Slow start will gradually increase amount of traffic to a newly added endpoint.

aggression string

pattern: ^([0-9]+([.][0-9]+)?|[.][0-9]+)$

minWeightPercent integer

format: int32

minimum: 0

maximum: 100

window string required

The duration of slow start window. Duration is expressed in the Go [Duration format](https://godoc.org/time#ParseDuration). Valid time units are "ns", "us" (or "µs"), "ms", "s", "m", "h".

validation object

UpstreamValidation defines how to verify the backend service's certificate

caSecret string required

minLength: 1

maxLength: 317

subjectName string required

Key which is expected to be present in the 'subjectAltName' of the presented certificate. Deprecated: migrate to using the plural field subjectNames.

minLength: 1

maxLength: 250

subjectNames []string

List of keys, of which at least one is expected to be present in the 'subjectAltName of the presented certificate.

minItems: 1

maxItems: 8

weight integer

Weight defines percentage of traffic to balance traffic

format: int64

minimum: 0

virtualhost object

Virtualhost appears at most once. If it is present, the object is considered to be a "root" HTTPProxy.

authorization object

This field configures an extension service to perform authorization for this virtual host. Authorization can only be configured on virtual hosts that have TLS enabled. If the TLS configuration requires client certificate validation, the client certificate is always included in the authentication check request.

authPolicy object

AuthPolicy sets a default authorization policy for client requests. This policy will be used unless overridden by individual routes.

context object

disabled boolean

When true, this field disables client request authentication for the scope of the policy.

extensionRef object

ExtensionServiceRef specifies the extension resource that will authorize client requests.

apiVersion string

API version of the referent. If this field is not specified, the default "projectcontour.io/v1alpha1" will be used

minLength: 1

name string

Name of the referent. More info: https://kubernetes.io/docs/concepts/overview/working-with-objects/names/#names

minLength: 1

namespace string

Namespace of the referent. If this field is not specifies, the namespace of the resource that targets the referent will be used. More info: https://kubernetes.io/docs/concepts/overview/working-with-objects/namespaces/

minLength: 1

failOpen boolean

If FailOpen is true, the client request is forwarded to the upstream service even if the authorization server fails to respond. This field should not be set in most cases. It is intended for use only while migrating applications from internal authorization to Contour external authorization.

responseTimeout string

ResponseTimeout configures maximum time to wait for a check response from the authorization server. Timeout durations are expressed in the Go [Duration format](https://godoc.org/time#ParseDuration). Valid time units are "ns", "us" (or "µs"), "ms", "s", "m", "h". The string "infinity" is also a valid input and specifies no timeout.

pattern:

^(((\d*(\.\d*)?h)|(\d*(\.\d*)?m)|(\d*(\.\d*)?s)|(\d*(\.\d*)?ms)|(\d*(\.\d*)?us)|(\d*(\.\d*)?µs)|(\d*(\.\d*)?ns))+|infinity|infinite)$

withRequestBody object

WithRequestBody specifies configuration for sending the client request's body to authorization server.

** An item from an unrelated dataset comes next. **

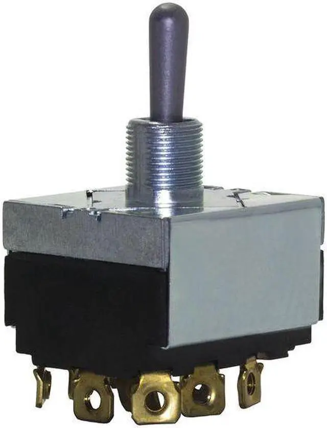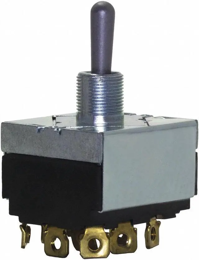 Toggle Switch, Contact Form 4PDT, Number of Connections 12, Switch Function On/On, AC Contact Rating 10 A @ 250 V, 15 A @ 125 V, HP 3/4 hp, Terminals Screw, Mounting Hole 0.50 in dia, Actuator Length 0.68 in, Stem Length 0.47 in, Stem Dia. and Thread Size 0.500 in, Actuator Color Silver, Stem Color Silver, Standards CSA, RoHS, UL Listed, Includes Panel Mounting. This item has been restricted from sale in the following state (s): []

allowPartialMessage boolean

If AllowPartialMessage is true, then Envoy will buffer the body until MaxRequestBytes are reached.

maxRequestBytes integer

MaxRequestBytes sets the maximum size of message body ExtAuthz filter will hold in-memory.

format: int32

minimum: 1

packAsBytes boolean

If PackAsBytes is true, the body sent to Authorization Server is in raw bytes.

corsPolicy object

Specifies the cross-origin policy to apply to the VirtualHost.

allowCredentials boolean

Specifies whether the resource allows credentials.

allowHeaders []string

AllowHeaders specifies the content for the *access-control-allow-headers* header.

minItems: 1

allowMethods []string required

AllowMethods specifies the content for the *access-control-allow-methods* header.

minItems: 1

allowOrigin []string required

AllowOrigin specifies the origins that will be allowed to do CORS requests. Allowed values include "*" which signifies any origin is allowed, an exact origin of the form "scheme://host[:port]" (where port is optional), or a valid regex pattern. Note that regex patterns are validated and a simple "glob" pattern (e.g. *.foo.com) will be rejected or produce unexpected matches when applied as a regex.

minItems: 1

allowPrivateNetwork boolean

AllowPrivateNetwork specifies whether to allow private network requests. See https://developer.chrome.com/blog/private-network-access-preflight.

exposeHeaders []string

ExposeHeaders Specifies the content for the *access-control-expose-headers* header.

minItems: 1

maxAge string

MaxAge indicates for how long the results of a preflight request can be cached. MaxAge durations are expressed in the Go [Duration format](https://godoc.org/time#ParseDuration). Valid time units are "ns", "us" (or "µs"), "ms", "s", "m", "h". Only positive values are allowed while 0 disables the cache requiring a preflight OPTIONS check for all cross-origin requests.

fqdn string required

The fully qualified domain name of the root of the ingress tree all leaves of the DAG rooted at this object relate to the fqdn.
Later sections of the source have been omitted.